**EXERCISE DETAILS**
Could you retype only the lines from the one containing "此次展出的斯堪尼亚·海格统领" through the final line of the entries, both included, skipping any images?

┌──

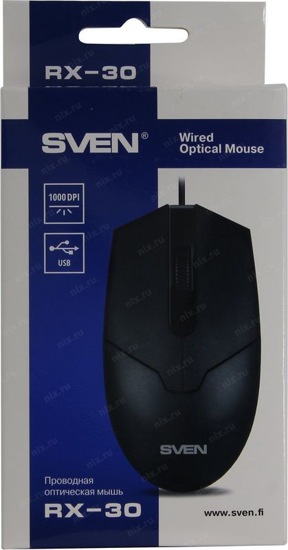 Мышь Sven SV-018214 черный RX-30 (2+1кл. 1000DPI, цвет. картон, каб. 2м.
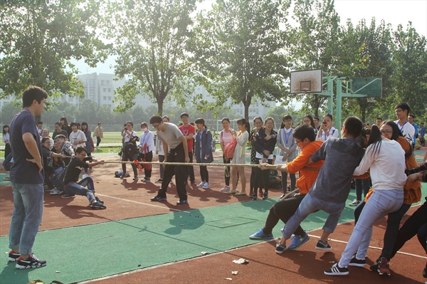 上午8时许,在刘纪峰老师简单致辞之后,院运会正式拉开了帷幕。首先进行的是拔河比赛,各班男女争先恐后出战,一抛往日的羞涩之情,卯足气力,无不全力以赴,为班级的荣誉而战。这时候,男子100米比赛业已战鼓频传。运动员足下生风,如离弦之箭,其势锐不可当,未及观者目瞬,运动员即已冲过终点远矣。紧接着,踢毽子、定点投篮、心心相印等趣味赛也纷纷如火如荼地展开。老师们总揽裁判一职,行止诙谐,言辞捷洽,与同学们谈笑风生,打得火热。整场运动会中充满欢声笑语,爽朗的笑声成了比赛的主旋律,青春的气息在操场上散发,蓬勃的力量在阳光下挥洒。上午10时许,9428cn太阳集团古天乐第十二届院运会在一片欢呼声中成功落幕。
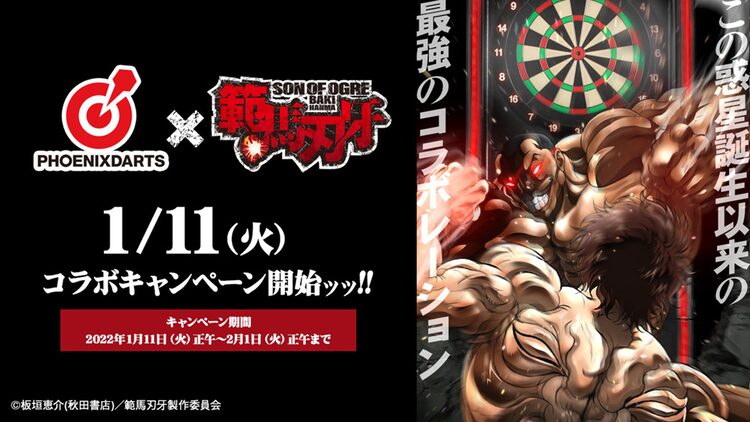 板垣恵介原作によるアニメ「範馬刃牙」とダーツマシン・PHOENIXDARTSのコラボが決定した。
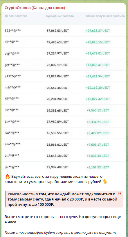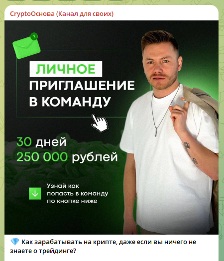Описание предложений в Телеграмм-канале «Crypto Основа канал для своих»
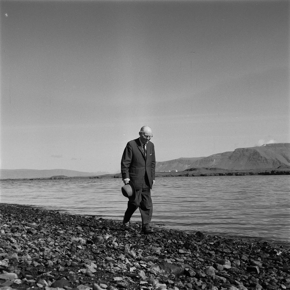 Karlmaður gengur í fjöru, hann heldur á hattinum sínum.
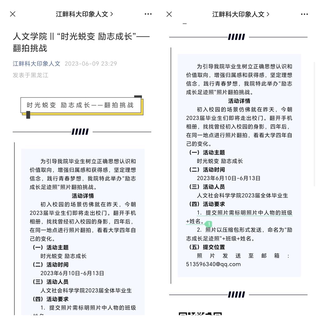 回顾成长,追忆青春足迹。开展“时光蜕变 励志成长”---翻拍挑战活动。毕业生通过翻拍挑战,分享大学四年的变化。通过一张张照片回忆初入校园的美好时光,增强对母校的归属感和获得感。
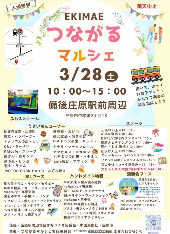 3月28日(土)、広島県庄原市の備後庄原駅前周辺にて「EKIMAEつながるマルシェ」が開催されます。
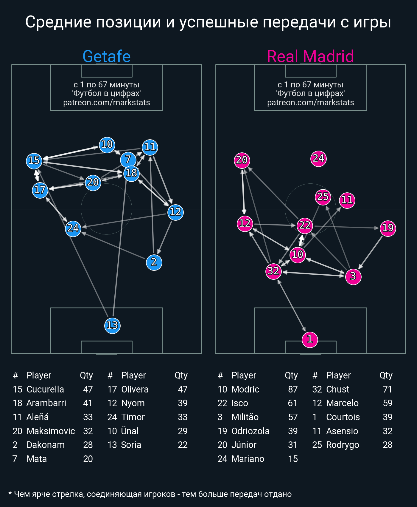 ▪ 53 успешных передач из 68 попыток (2 под удар, 8 с продвижением, 15 на трети соперника)
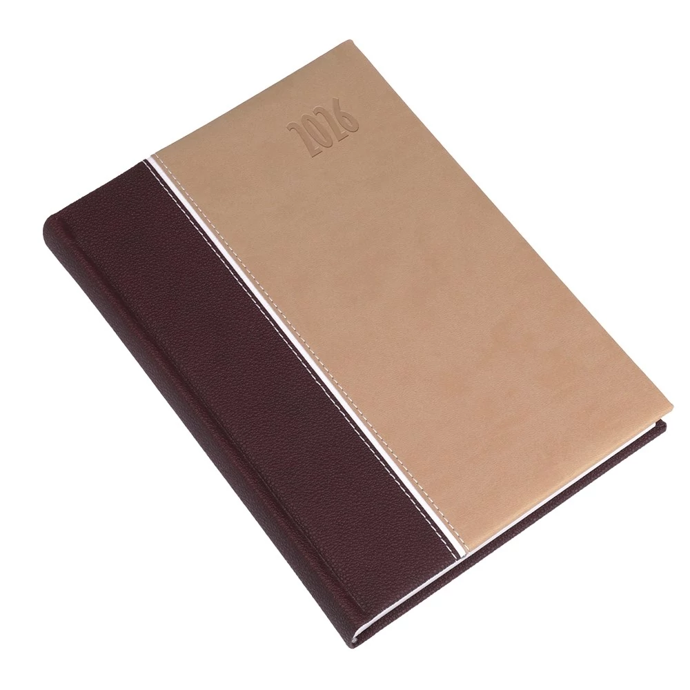 Fehér papíros, cérnafűzött, A/5 napi beosztású, 352 oldalas, sarokperforált, jelzőszalagot tartalmaz.
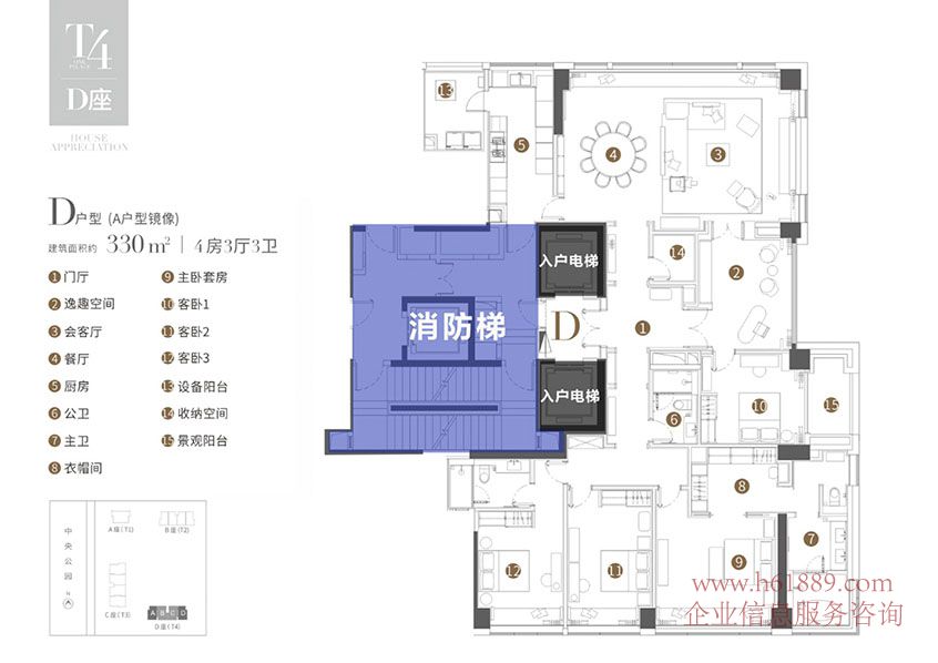 T3棟 D座 D戶型(A戶型鏡像) 建筑面積的:330m、4房3廳3衛(wèi)
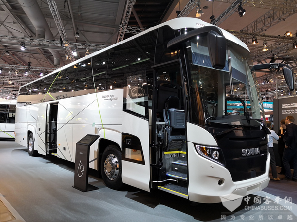 此次展出的斯堪尼亚·海格统领客车,是斯堪尼亚·海格品牌的一款经典车型,并不断升级而来。该车长13米、宽2.55米、高3.8米,采用“49+1+1”座,单侧双开门设计,发动机采用13升直列6缸生物柴油或生物燃油(HVO)发动机,最大功率为410马力(302千瓦),最大转速1900转/分,最大扭矩为2150牛·米,加上SCR系统,可以轻松满足欧六排放标准,具有高环保性。
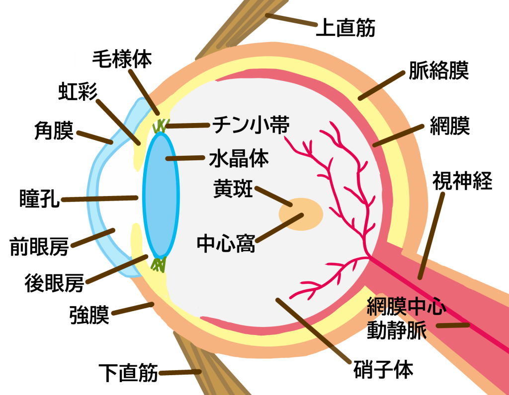 ここでは目の簡単な構造と働きを紹介しておきます。
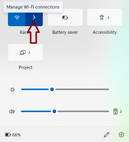 2. WiFi simgesinin yanında gösterilen oku tıklayın.
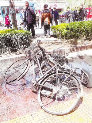 昨天中午,周口市区七一路周口七中门口,一辆自行车和一辆摩托车被烧成空架。据目击者介绍,可能是被风刮倒的自行车砸倒了摩托车,引起摩托车自燃。
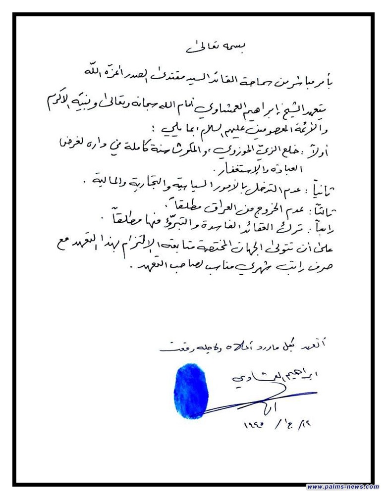 وقال المكتب أنه "بأمر مباشر من القائد مقتدى الصدر بتعهد الشيخ إبراهيم العمشاوي أمام الله بخلع الزيّ الحوزوي والمكوث سنة للعبادة والاستغفار وعدم التدخل بالأمور السياسية والتجارية والمالية، فيما تعهد العمشاويبعدم الخروج من العراق مطلقاً وترك العقائد الفاسدة والتبرّؤ منها مطلقاً".
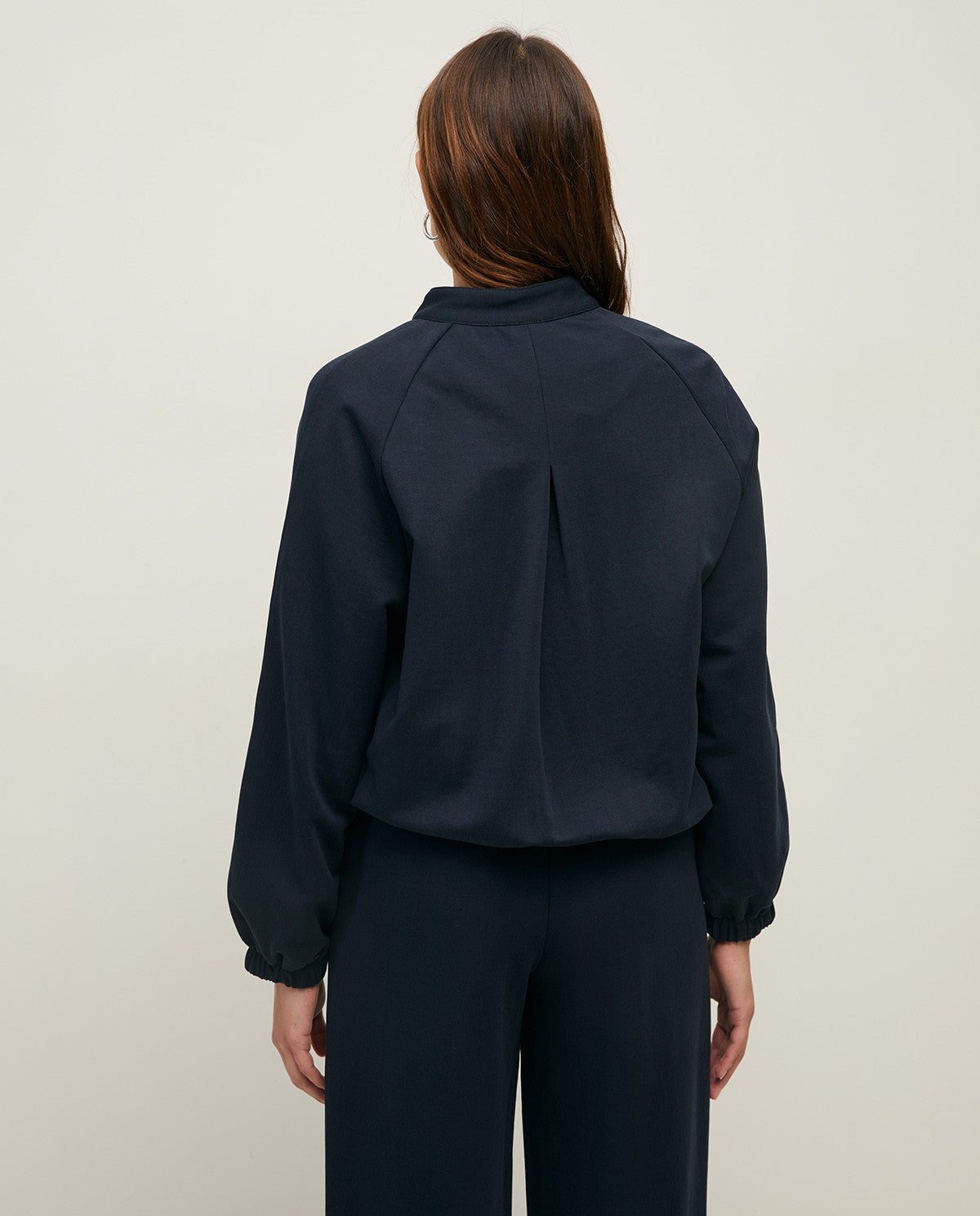 Navy-blue bomber jacket. Mao neck and two-way zip. Pleats on the neckline. Pleat in back. Long raglan sleeves and elastic cuffs. Lining. Two front pockets.
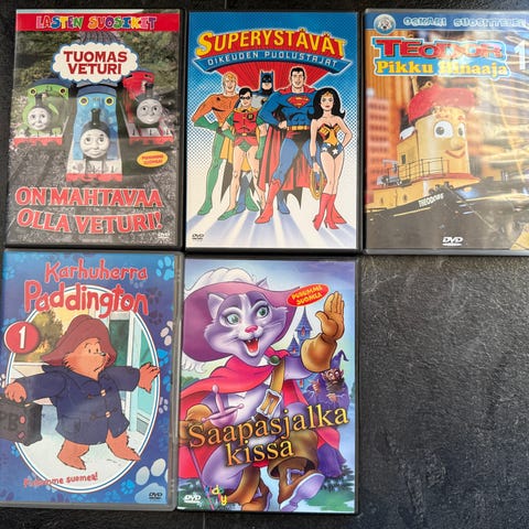 Myydään iso setti lasten DVD-elokuvia. Mukana klassikoita, jouluaihetta, eläinseikkailuja sekä tuttuja hahmoja. Osassa koteloissa hieman käytön jälkeä, mutta levyt ovat toimineet normaalisti.

└──

**REPLY TO THE TASK**
 此次展出的斯堪尼亚·海格统领客车,是斯堪尼亚·海格品牌的一款经典车型,并不断升级而来。该车长13米、宽2.55米、高3.8米,采用“49+1+1”座,单侧双开门设计,发动机采用13升直列6缸生物柴油或生物燃油(HVO)发动机,最大功率为410马力(302千瓦),最大转速1900转/分,最大扭矩为2150牛·米,加上SCR系统,可以轻松满足欧六排放标准,具有高环保性。
 ここでは目の簡単な構造と働きを紹介しておきます。
 2. WiFi simgesinin yanında gösterilen oku tıklayın.
 昨天中午,周口市区七一路周口七中门口,一辆自行车和一辆摩托车被烧成空架。据目击者介绍,可能是被风刮倒的自行车砸倒了摩托车,引起摩托车自燃。
 وقال المكتب أنه "بأمر مباشر من القائد مقتدى الصدر بتعهد الشيخ إبراهيم العمشاوي أمام الله بخلع الزيّ الحوزوي والمكوث سنة للعبادة والاستغفار وعدم التدخل بالأمور السياسية والتجارية والمالية، فيما تعهد العمشاويبعدم الخروج من العراق مطلقاً وترك العقائد الفاسدة والتبرّؤ منها مطلقاً".
 Navy-blue bomber jacket. Mao neck and two-way zip. Pleats on the neckline. Pleat in back. Long raglan sleeves and elastic cuffs. Lining. Two front pockets.
 Myydään iso setti lasten DVD-elokuvia. Mukana klassikoita, jouluaihetta, eläinseikkailuja sekä tuttuja hahmoja. Osassa koteloissa hieman käytön jälkeä, mutta levyt ovat toimineet normaalisti.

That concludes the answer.